= Karl Bollert =

German pedagogue and physicist

Karl Bollert (21 June 1881 in Rostock – 1964) was a German pedagogue and physicist.

==Life and work==

He studied in Rostock and obtained the doctorate in 1904 by writing a thesis on geometry called Über konzentrische Flächen zweiter Ordnung. In 1907 he became senior teacher at the Höhere Mädchenschule in Berlin-Schöneberg. He was a member of the Deutsche Physikalische Gesellschaft from 1923 to 1933.

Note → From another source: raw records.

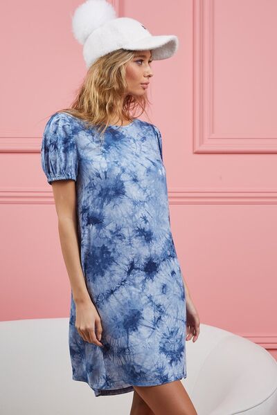 Puff Sleeve With Side Pockets Tie Dye Dress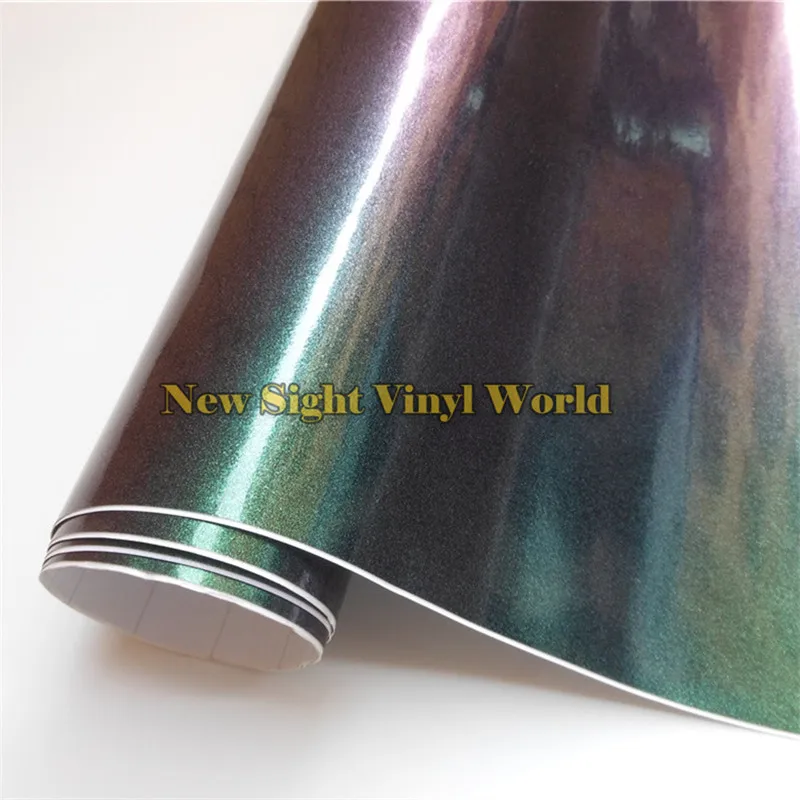 Product Name: 3 طبقات لامعة الأرجواني الأخضر الحرباء الماس بريق الفينيل التفاف ملصق مائي فقاعة الحرة لصناعة السيارات الحجم: 1.52*20 متر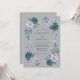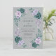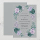Una paleta sofisticada de gris paloma, verde azulado profundo y lavanda suave crea una atmósfera sombría pero elegante. Este diseño presenta rosas acuarelas exuberantes y delicados racimos de hortensias dispuestos en un rocío botánico ornamentado. Los tonos fríos y el follaje invernal evocan un sentido de romance refinado perfecto para un evento estacional.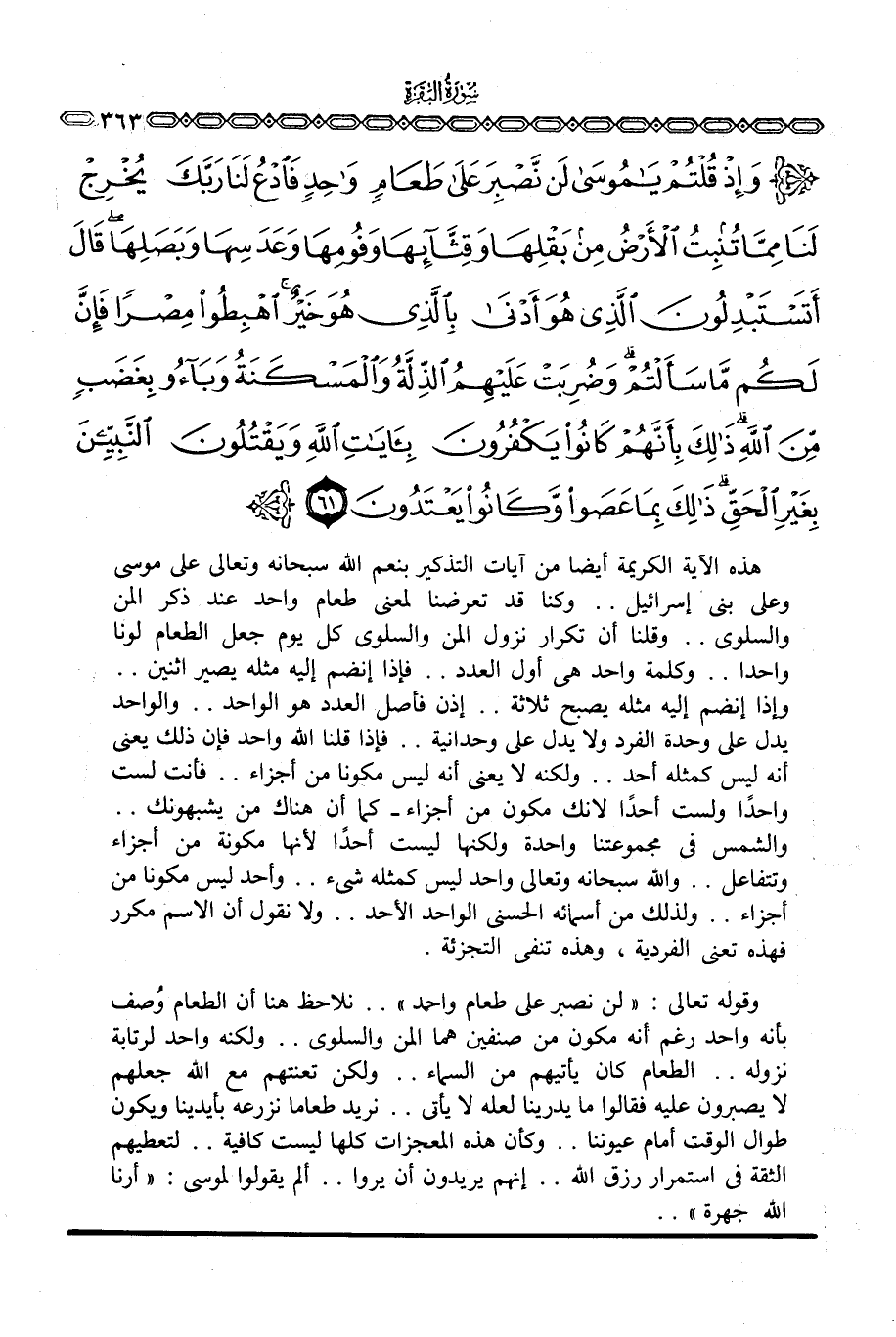 هذه الآية الكريمة أيضا من آيات التذكير بنعم الله سبحانه وتعالى على موسى وعلى بني إسرائيل. . وكنا قد تعرضنا لمعنى طعام واحد عند ذكر المن والسلوى. . وقلنا أن تكرار نزول المن والسلوى كل يوم جعل الطعام لونا واحدا. . وكلمة واحد هي أول العدد. . فإذا إنضم إليه مثله يصير اثنين. . وإذا إنضم إليه مثله يصبح ثلاثة. . إذن فأصل العدد هو الواحد. . والواحد يدل على وحدة الفرد ولا يدل على وحدانية. . فإذا قلنا الله واحد فإن ذلك يعني أنه ليس كمثله أحد. . ولكنه لا يعني أنه ليس مكونا من أجزاء. . فأنت لست واحداً ولست أحداً لأنك مكون من أجزاء كما أن هناك من يشبهونك. . والشمس في مجموعتنا واحدة ولكنها ليست أحداً لأنها مكونة من أجزاء وتتفاعل. . والله سبحانه وتعالى واحد ليس كمثله شيء. . وأحد ليس مكونا من أجزاء. . ولذلك من أسمائه الحسنى الواحد الأحد. . ولا نقول أن الاسم مكرر فهذه تعني الفردية، وهذه تنفي التجزئة.

From 1921 to 1923 he wrote several works related to the theory of relativity, including the description of uniformly accelerated frames now called Rindler coordinates, and philosophically interpreted relativity in terms of neo-Kantianism in his book Einstein’s Relativitätstheorie und ihre Stellung im System der Gesamterfahrung (1921) as well as in another article. Reviewing Bollert's book, Hans Reichenbach (1922) argued that its description of relativity is "short and good", and regarding the philosophical part he added that Bollert's introduction of "objectivation steps" is remarkable. Ernst Cassirer (1929) argued that Bollert showed how relativity can serve to confirm Neokantian views.

An analysis of Bollert's philosophical take on relativity was given in German language by Hentschel (1990). In English language, the article "Early Philosophical Interpretations of General Relativity" in the Stanford Encyclopedia of Philosophy devotes an entire paragraph to Bollert's interpretation of Kantian a priorism and relativity theory.